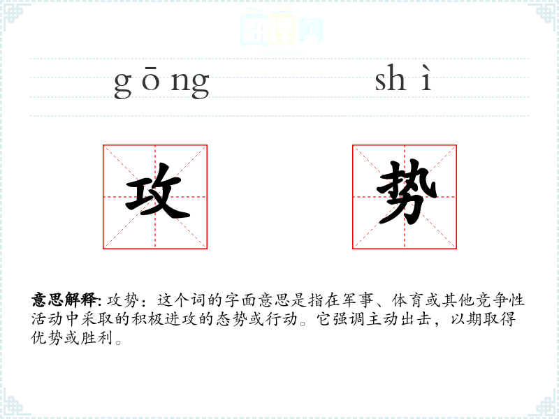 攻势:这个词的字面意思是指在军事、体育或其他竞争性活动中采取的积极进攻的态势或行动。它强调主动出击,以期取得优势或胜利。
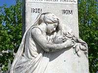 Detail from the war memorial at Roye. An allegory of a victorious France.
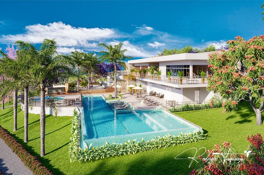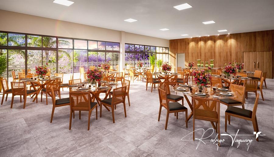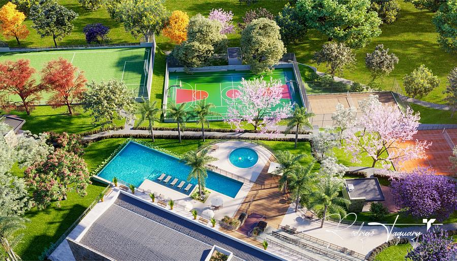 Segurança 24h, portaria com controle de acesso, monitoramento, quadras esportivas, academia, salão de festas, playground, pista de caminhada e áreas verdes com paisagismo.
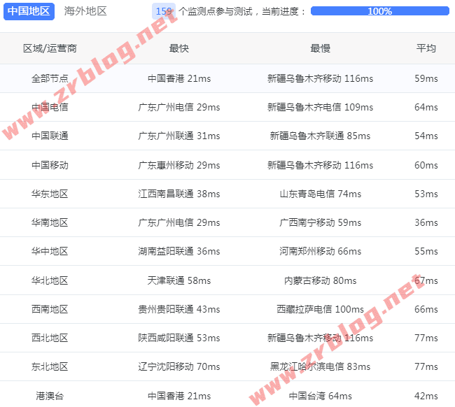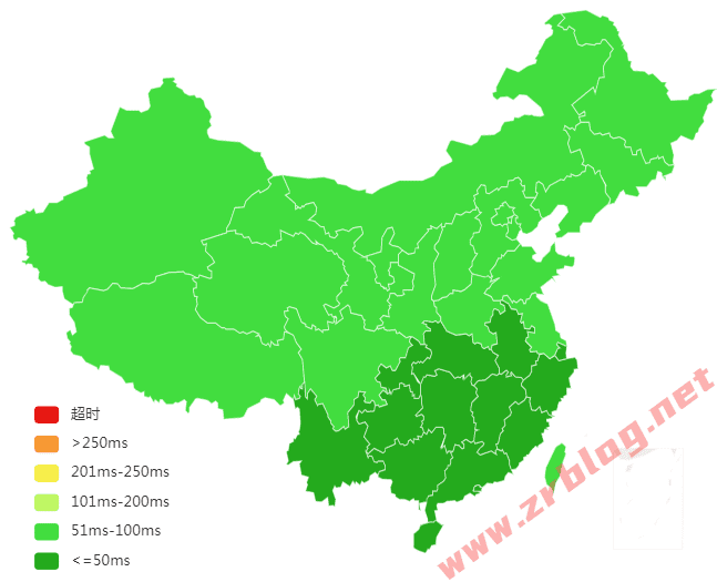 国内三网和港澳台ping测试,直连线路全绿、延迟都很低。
==
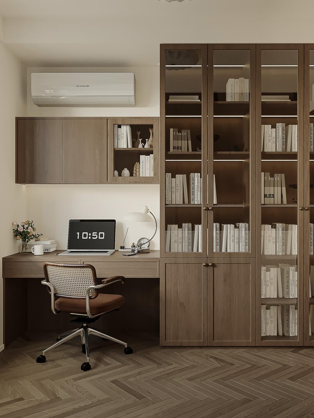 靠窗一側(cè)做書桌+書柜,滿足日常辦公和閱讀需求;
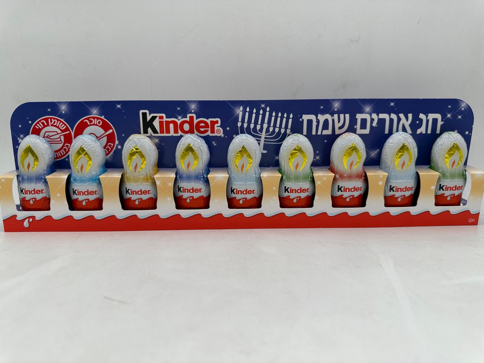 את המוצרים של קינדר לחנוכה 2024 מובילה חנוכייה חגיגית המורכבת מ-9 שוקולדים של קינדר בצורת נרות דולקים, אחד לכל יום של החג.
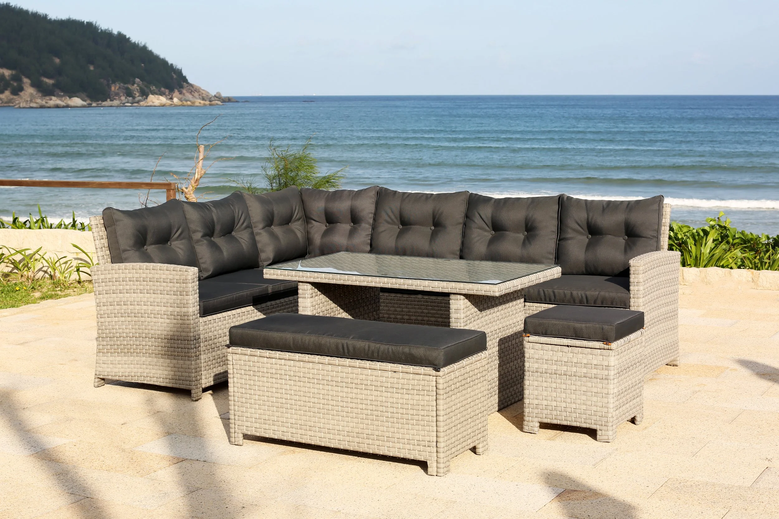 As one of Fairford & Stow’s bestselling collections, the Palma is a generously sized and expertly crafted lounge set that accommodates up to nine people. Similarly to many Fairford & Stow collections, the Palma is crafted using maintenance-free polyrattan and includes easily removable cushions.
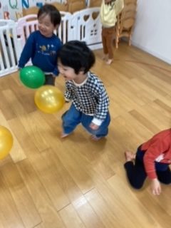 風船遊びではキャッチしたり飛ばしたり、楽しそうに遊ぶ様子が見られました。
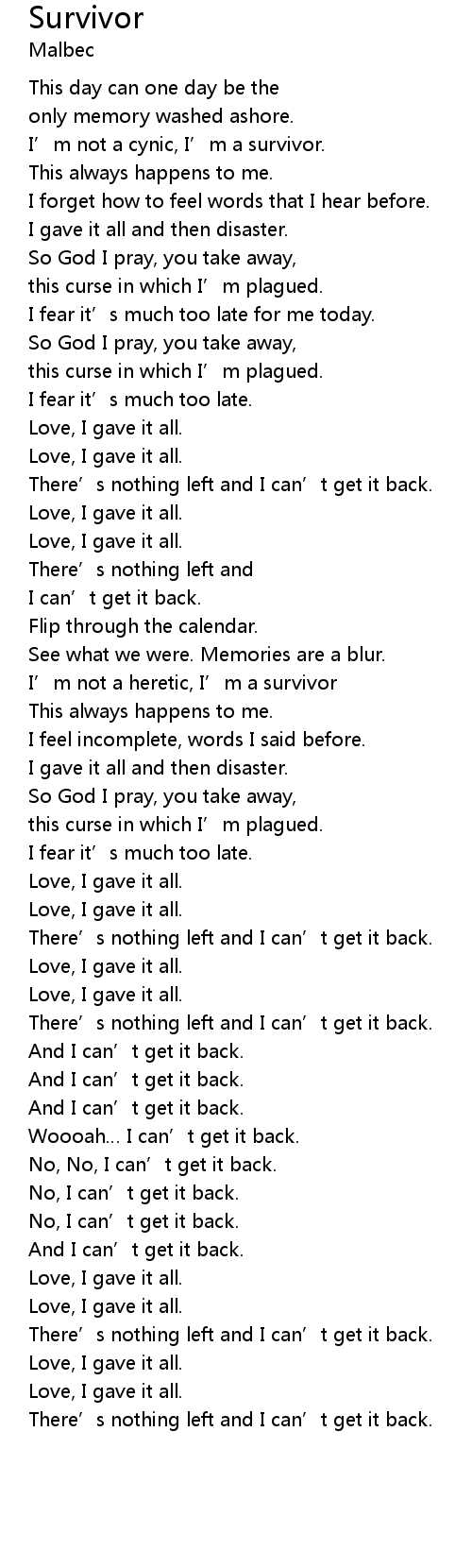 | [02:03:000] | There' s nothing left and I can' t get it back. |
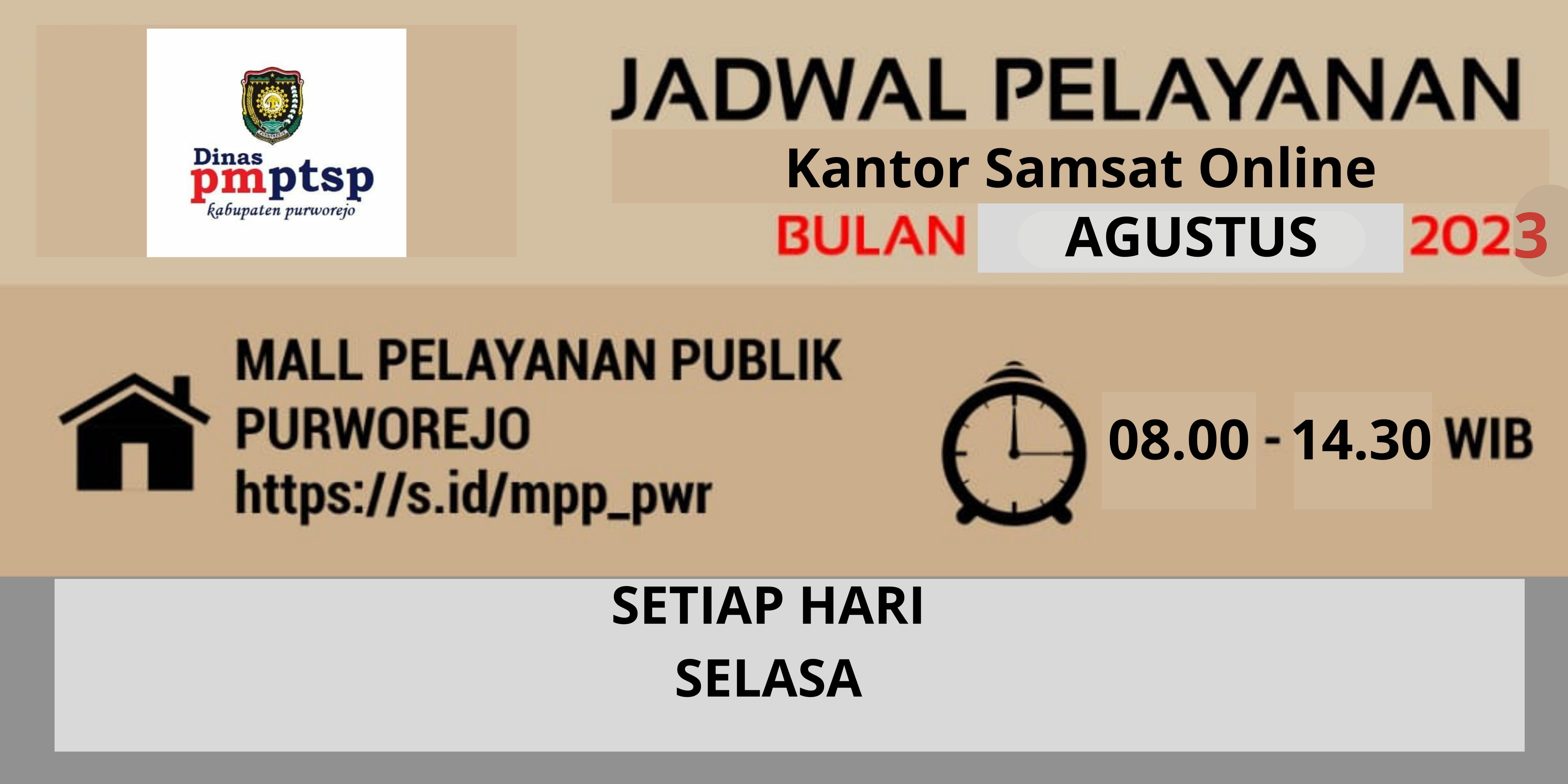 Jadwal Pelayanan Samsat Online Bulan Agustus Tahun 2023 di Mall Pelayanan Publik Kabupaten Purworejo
* * *
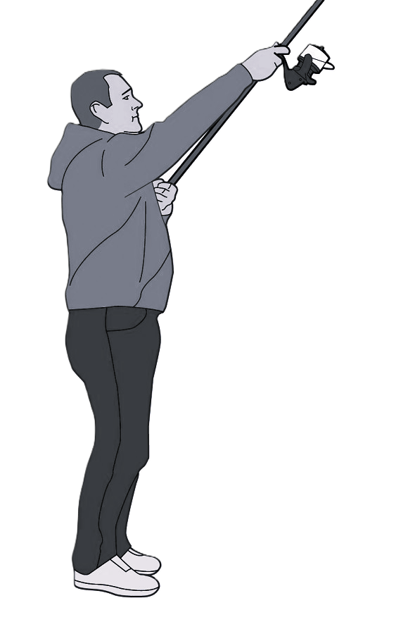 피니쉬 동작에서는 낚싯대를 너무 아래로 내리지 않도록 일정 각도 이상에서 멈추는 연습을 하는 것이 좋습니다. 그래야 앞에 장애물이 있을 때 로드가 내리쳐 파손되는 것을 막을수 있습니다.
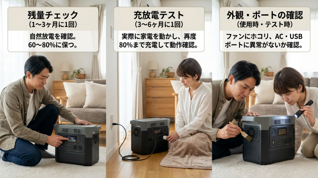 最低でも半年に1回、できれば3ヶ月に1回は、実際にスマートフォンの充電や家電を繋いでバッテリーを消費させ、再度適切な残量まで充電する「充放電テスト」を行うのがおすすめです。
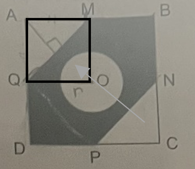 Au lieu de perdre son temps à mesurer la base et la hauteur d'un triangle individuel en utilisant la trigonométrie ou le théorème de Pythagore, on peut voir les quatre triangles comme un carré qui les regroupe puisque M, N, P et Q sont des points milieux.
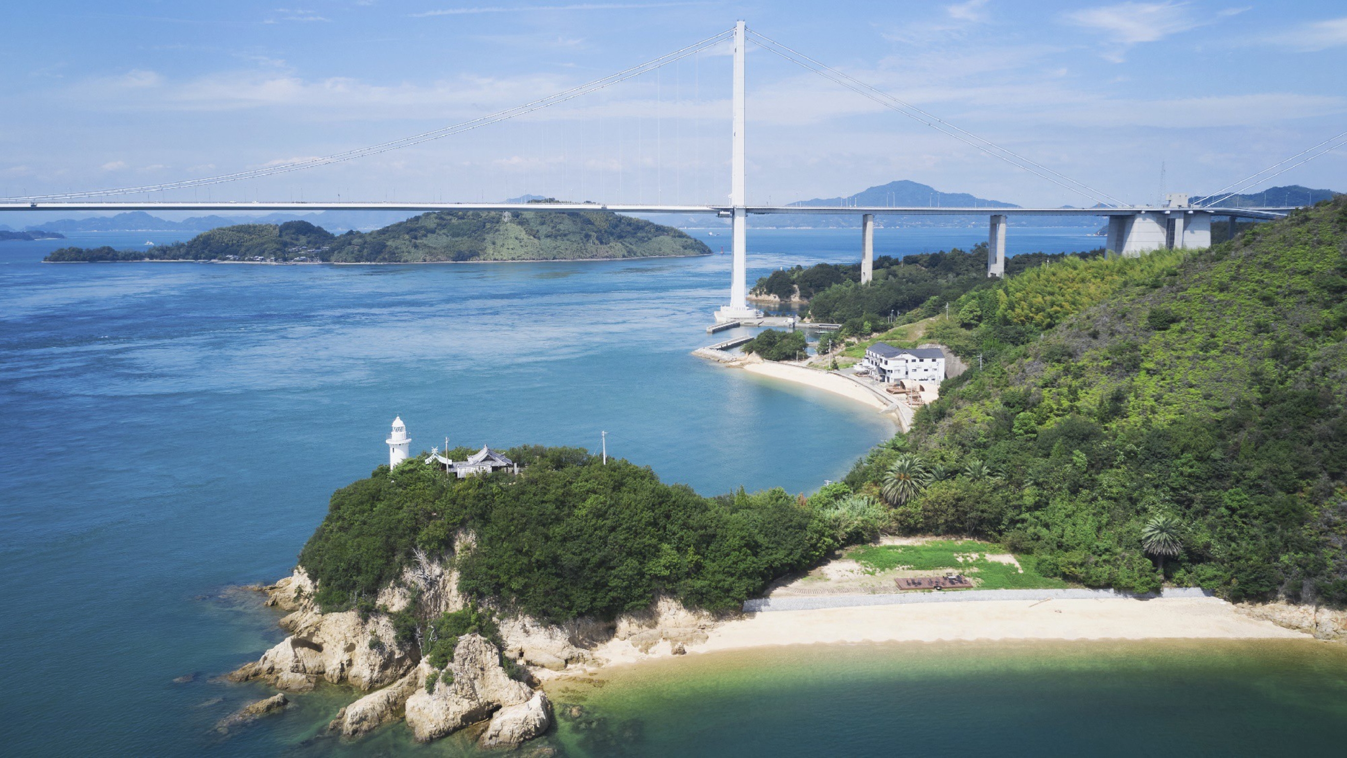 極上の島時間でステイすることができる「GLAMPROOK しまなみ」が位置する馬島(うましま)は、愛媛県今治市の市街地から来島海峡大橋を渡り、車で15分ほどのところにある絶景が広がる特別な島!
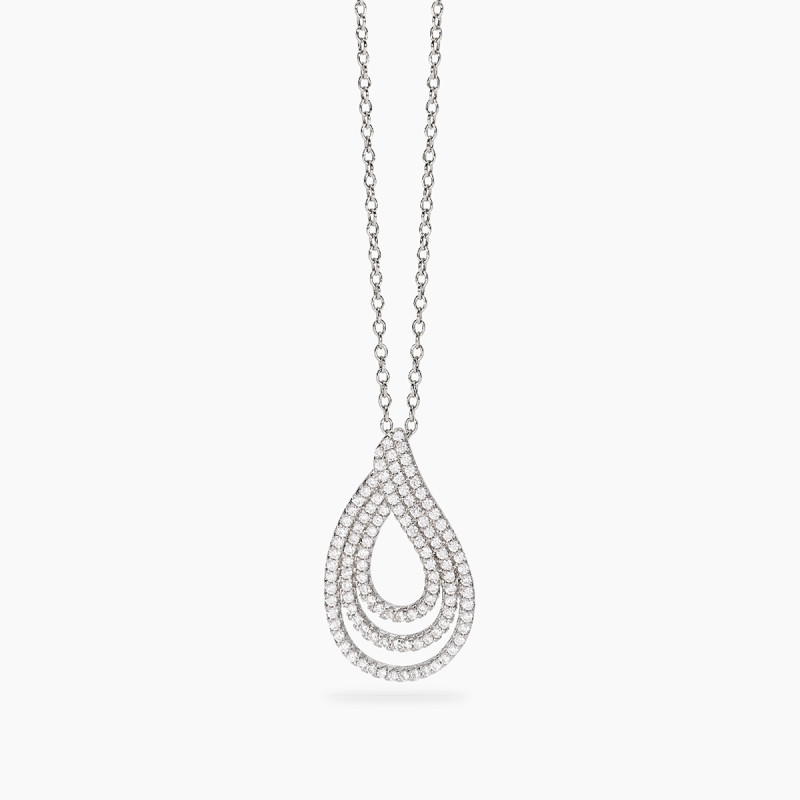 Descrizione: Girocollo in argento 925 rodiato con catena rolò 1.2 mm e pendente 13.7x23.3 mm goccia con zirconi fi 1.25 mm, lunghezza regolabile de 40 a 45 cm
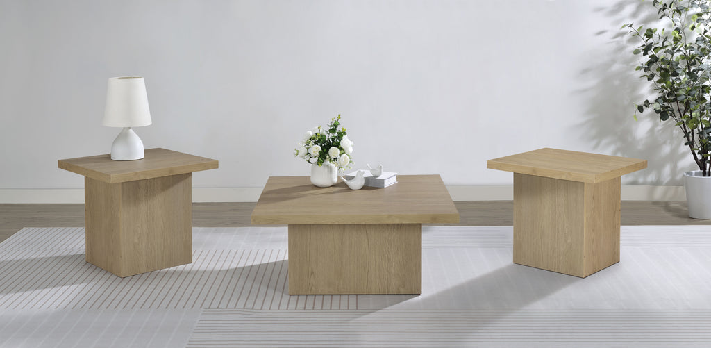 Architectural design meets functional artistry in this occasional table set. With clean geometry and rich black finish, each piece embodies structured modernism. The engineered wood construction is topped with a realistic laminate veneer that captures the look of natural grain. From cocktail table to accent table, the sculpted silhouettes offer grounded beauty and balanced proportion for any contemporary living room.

» **EXERCISE INSTRUCTIONS**:
In the listing above, find the line with "攻势:这个词的字面意思是指在" and the line with "国内三网和港澳台ping测试,直连线路全绿、延迟都很低。". Copy both of them and every line between, exactly, but not the pictures.

» **FINAL ANSWER**:
 攻势:这个词的字面意思是指在军事、体育或其他竞争性活动中采取的积极进攻的态势或行动。它强调主动出击,以期取得优势或胜利。
 Detail from the war memorial at Roye. An allegory of a victorious France.
 Segurança 24h, portaria com controle de acesso, monitoramento, quadras esportivas, academia, salão de festas, playground, pista de caminhada e áreas verdes com paisagismo.
 国内三网和港澳台ping测试,直连线路全绿、延迟都很低。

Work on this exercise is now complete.